The cluster was failing. Pods couldn’t talk to each other the way they should. Someone had pushed a change without a firewall plan, and the network was wide open. This is where Kubernetes Network Policies save you. For microservices architecture (MSA), they are not optional—they are the difference between order and chaos.
What Kubernetes Network Policies Do
Kubernetes Network Policies define how pods communicate: who they can talk to, and who they can’t. They work at the IP and port level. By default, Kubernetes allows all traffic between pods, namespaces, and external endpoints. In a microservices architecture, that default is a security hole. Network Policies let you lock it down.
Why They Matter for MSA
MSA means many small services, often across multiple namespaces. Without strict rules, a compromised service can scan or attack others. Network Policies give you control over pod-to-pod, pod-to-service, and external traffic flows.
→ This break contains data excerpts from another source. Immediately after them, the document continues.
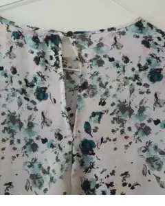 Es una blusa de tela fresca de manga 3/4 color blanca con estampado de flores. En la parte de atras tiene un boton y una pequeña abertura. Enfrente tiene una parte asimetricaEs talla M pero a mi parecer las mangas vienen un poco reducidasNo tiene detallesMedidas:Axila a axila: 46 cmHombros : 35 cmLargo: 42 cmManga del ancho del brazo : 14 cm
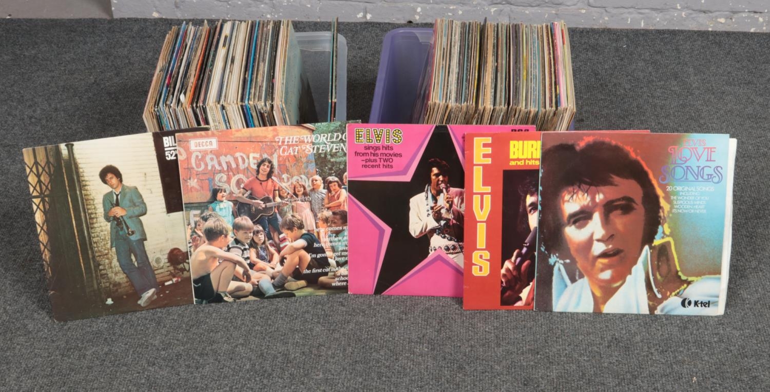 Two boxes of vinyl long play record albums & 45 rpm's. Billy Joel, Cat Steven's, Classic Rock examples
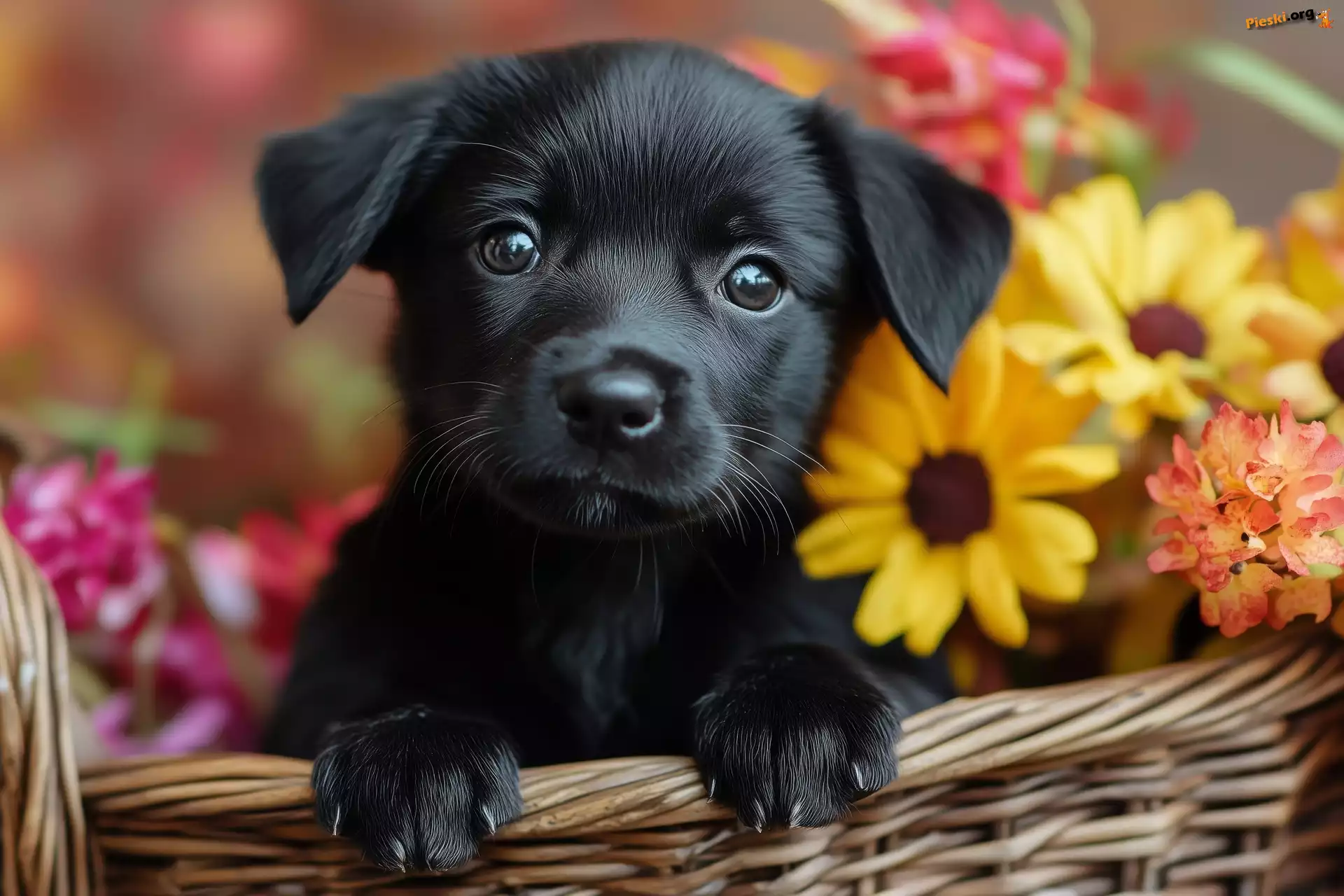 Szczeniak, Koszyk, Czarny, Kwiaty, Pies, Pieski
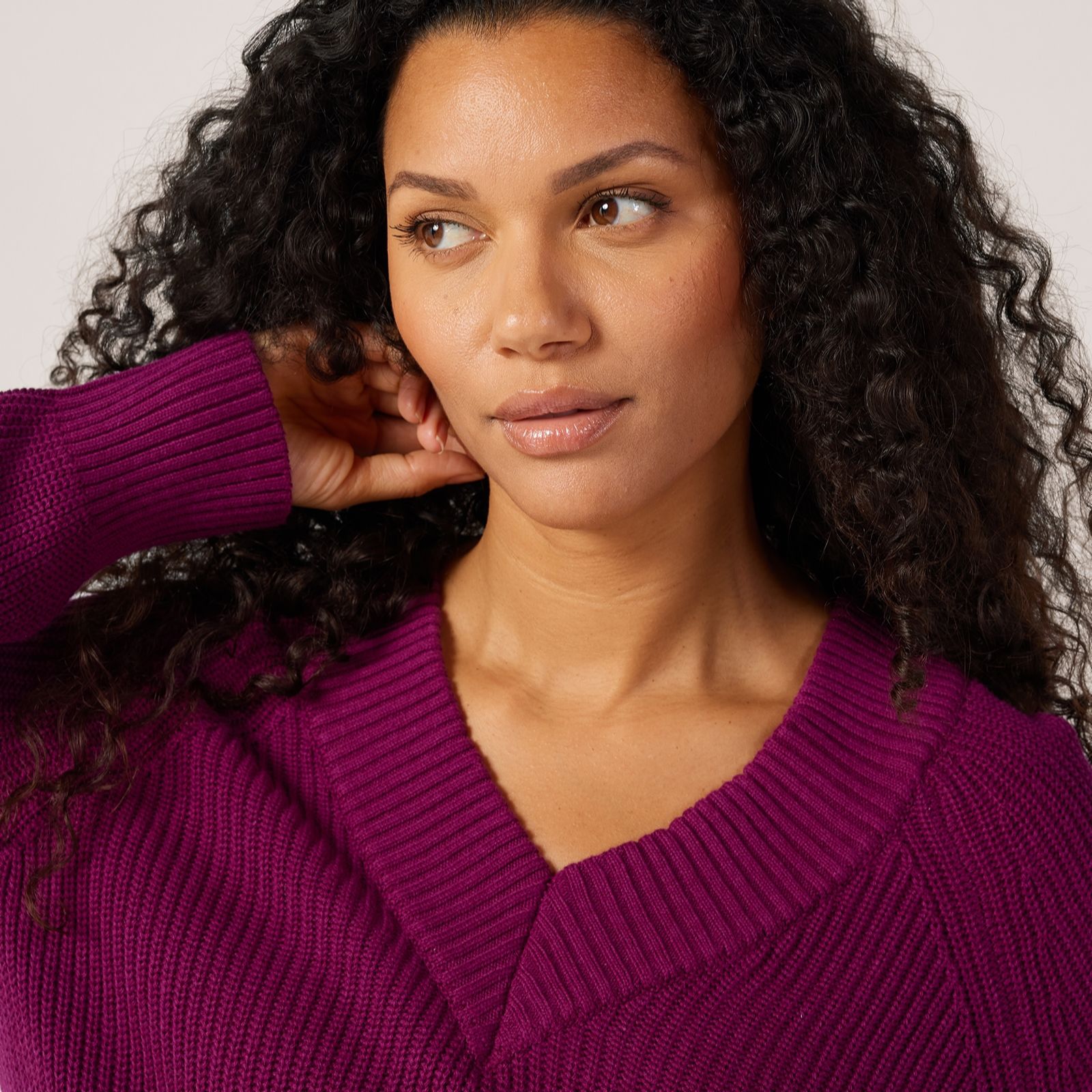 - the flattering V-neckline creates a relaxed silhouette that's perfect for layering on casual outings or dressing up for dinner with friends. Try pairing it with your favourite jeans or a tailored skirt to create a look that's both comfortable and chic.
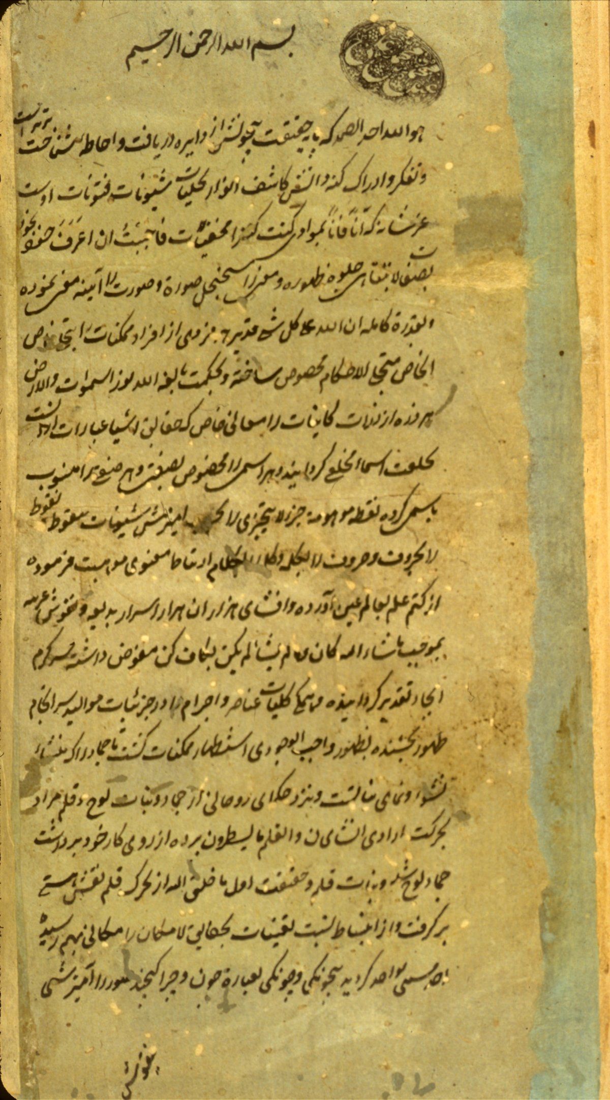 The opening of a Persian pharmacological dictionary composed in 1628/1038 by Nūr al-Dīn Muḥammad ‘Abd Allāh Shīrāzī. The treatise was dedicated to the Mughal Emperor Shah Jahan. The copy was made in 1719/1131. Near the top is an impression of an oval owner's stamp bearing the name ‘Abd [Allāh] Muḥammad ibn Muḥammad ‘Alī and dated 1268 (= 1851). The manuscript is made of paper dyed blue. The outer edge of the folio has been repaired with a very brighter blue paper.
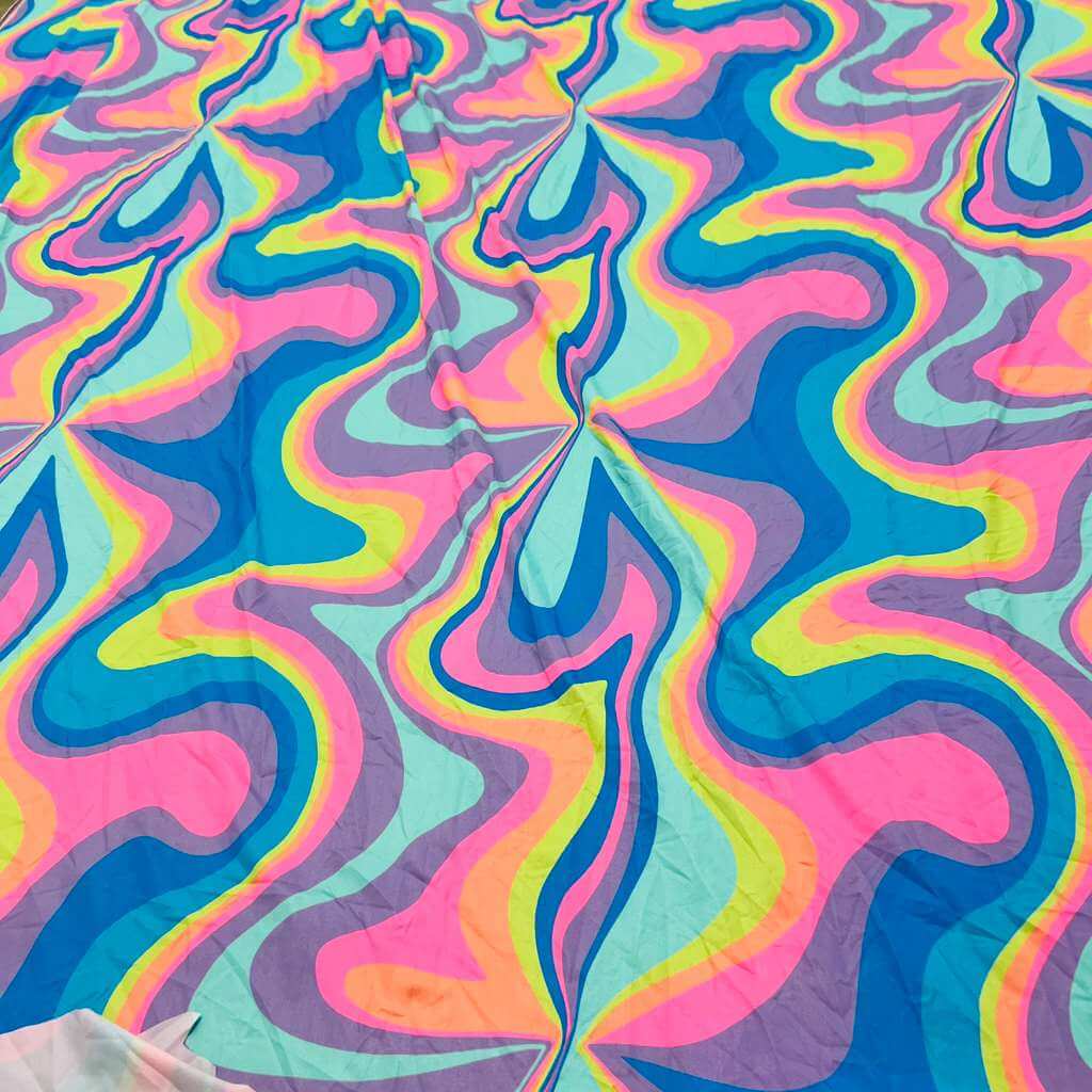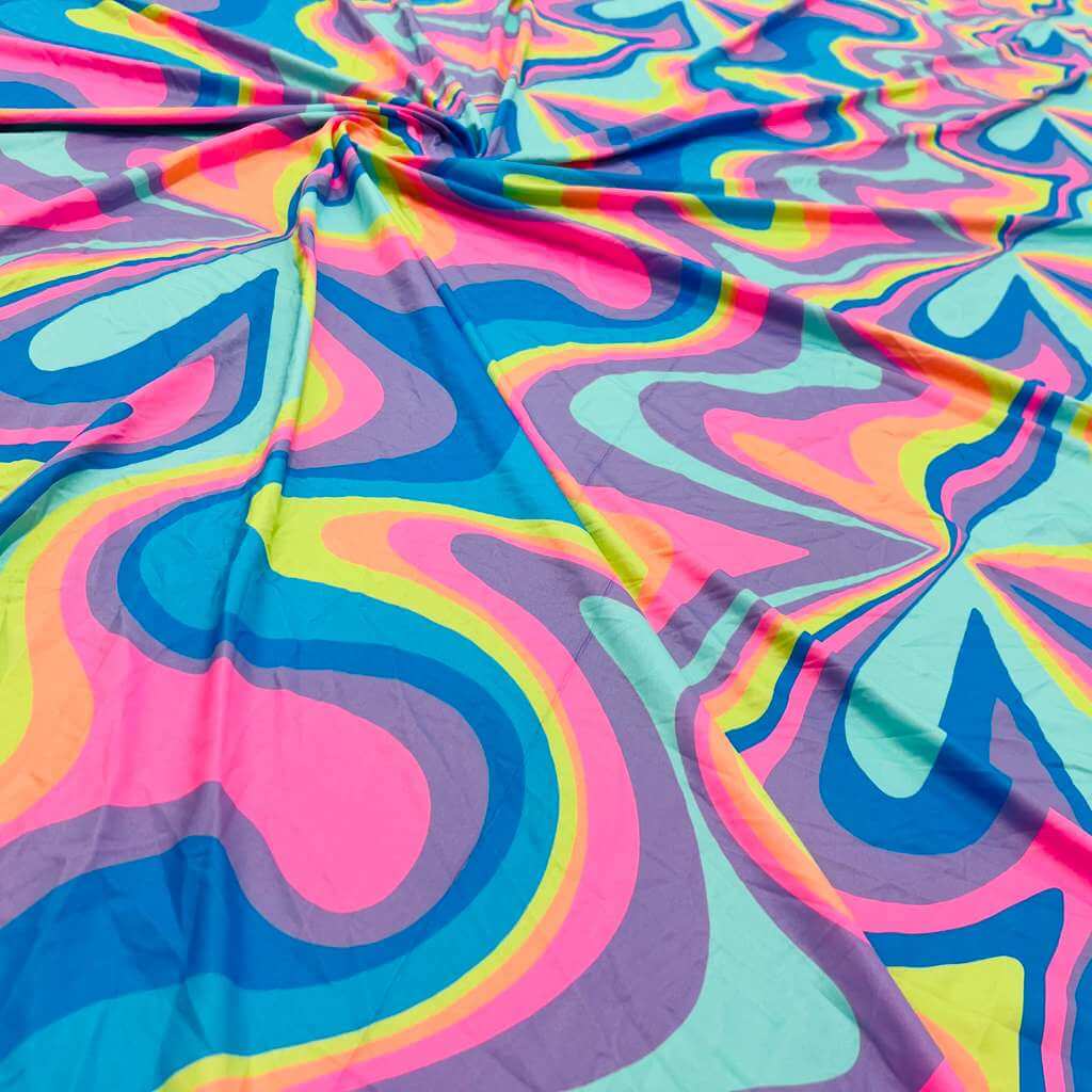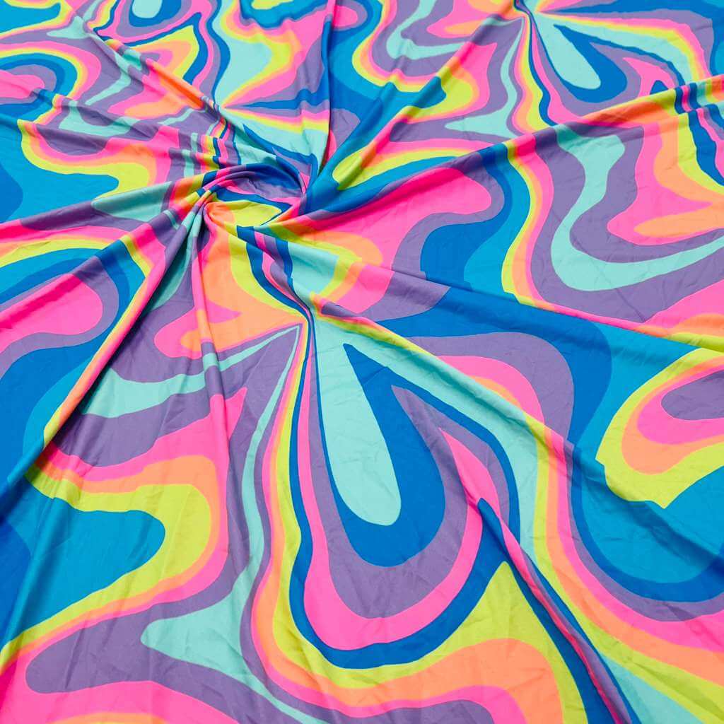 Retro Psychedelic Print Nylon Lycra Spandex Fabric 4 Way Stretch By Yard for swimwear dancewear gymwear sportwear dress
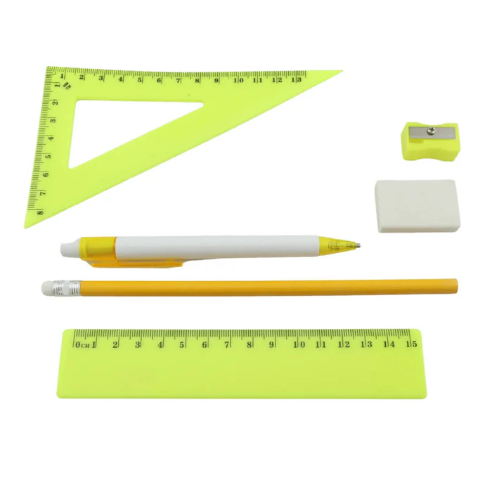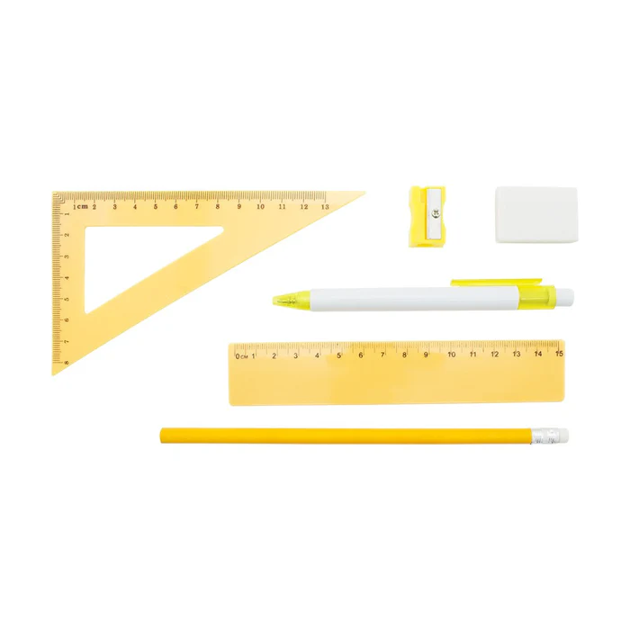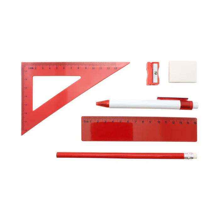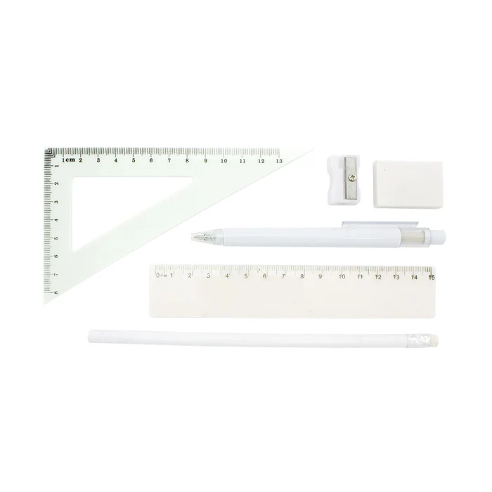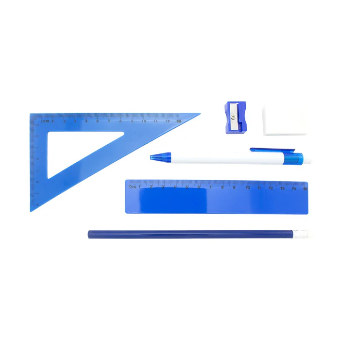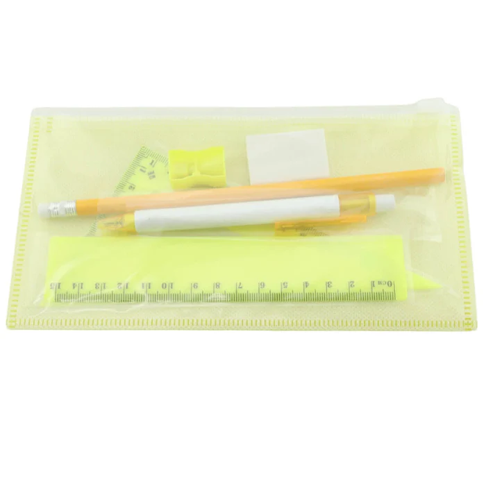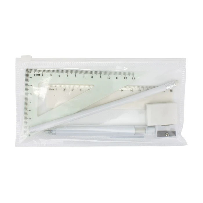 Incluye: esfero, lápiz, regla, escuadra, borrador y tajalápiz. Cartuchera con cremallera ziploc. Disponible en color:
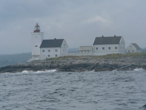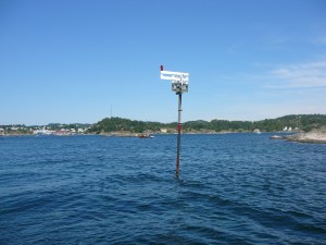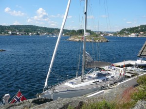 Vandaag, zaterdag, verder gevaren naar Grimstad, na het optrekken van een hardnekkige mist. We durven toch niet goed tussen al die rotsen te varen bij slecht zicht, al hebben we dan radar en een goede plotter.
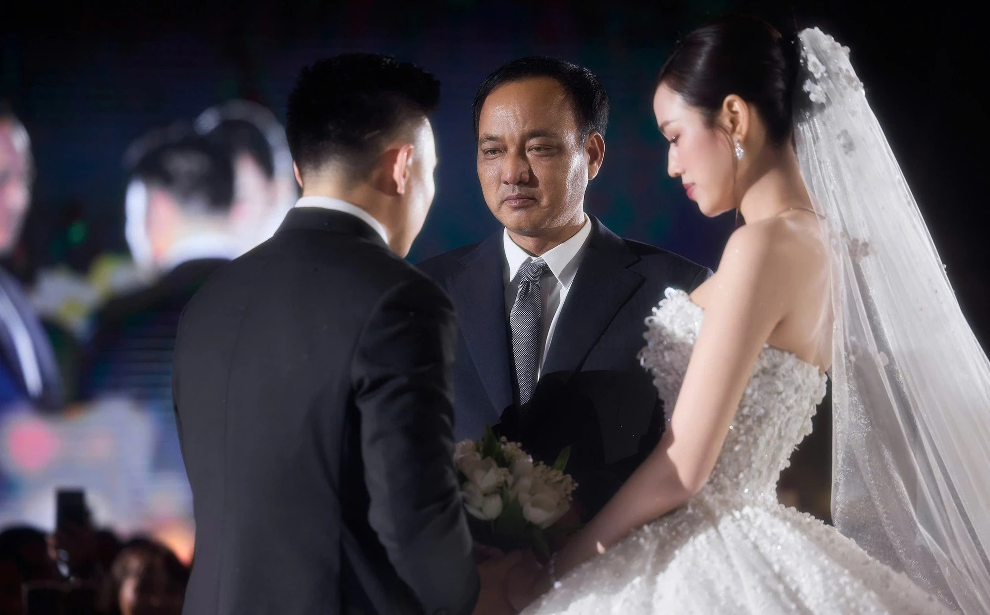 Trong suốt buổi lễ tại Quảng Trị, chú rể Viết Vương luôn gây chú ý khi bảnh bao, phong thái điềm đạm và liên tục có những hành động quan tâm dành cho Hoa hậu Đỗ Hà: theo sát, chỉnh váy, đỡ tay vợ di chuyển giữa không gian tiệc.
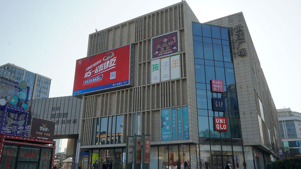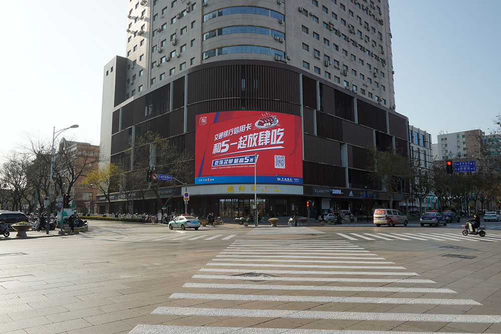 (交通銀行投放“旗艦商屏”山東銀座商城旗艦店戶外LED屏廣告)
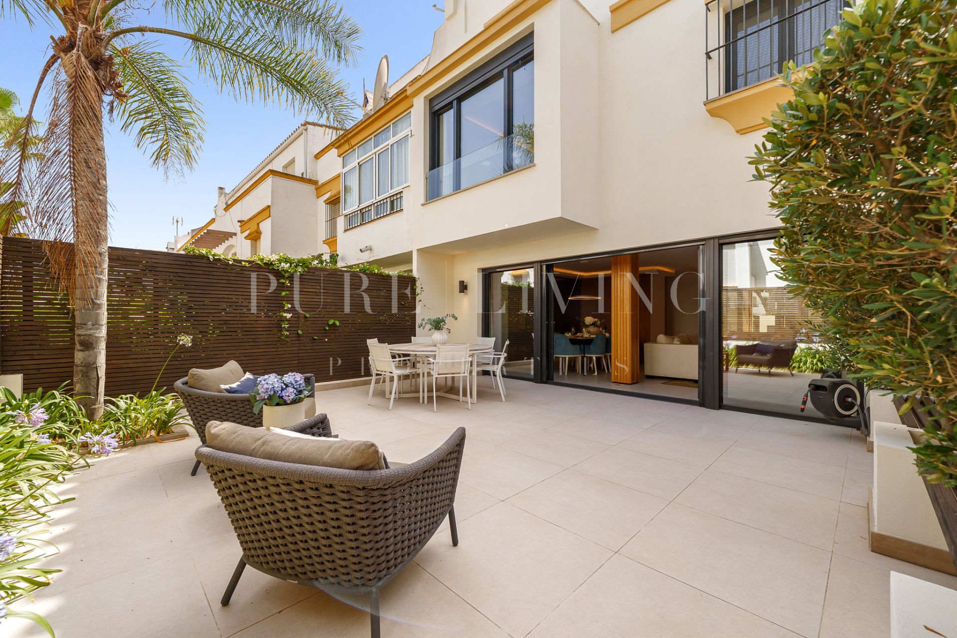 Maison de ville rénovée de quatre chambres à quelques pas de la promenade et de la plage sur le Golden Mile de Marbella.

They isolate workloads, enforce zero-trust, and cut lateral movement in an attack.
Core Elements of a Network Policy
- Pod Selector: Labels target pods for the policy.
- Ingress Rules: Define allowed incoming traffic.
- Egress Rules: Define allowed outgoing traffic.
- Namespace Selector: Restrict connections to specific namespaces.
Combine these selectors and rules to shape exactly how your MSA components communicate.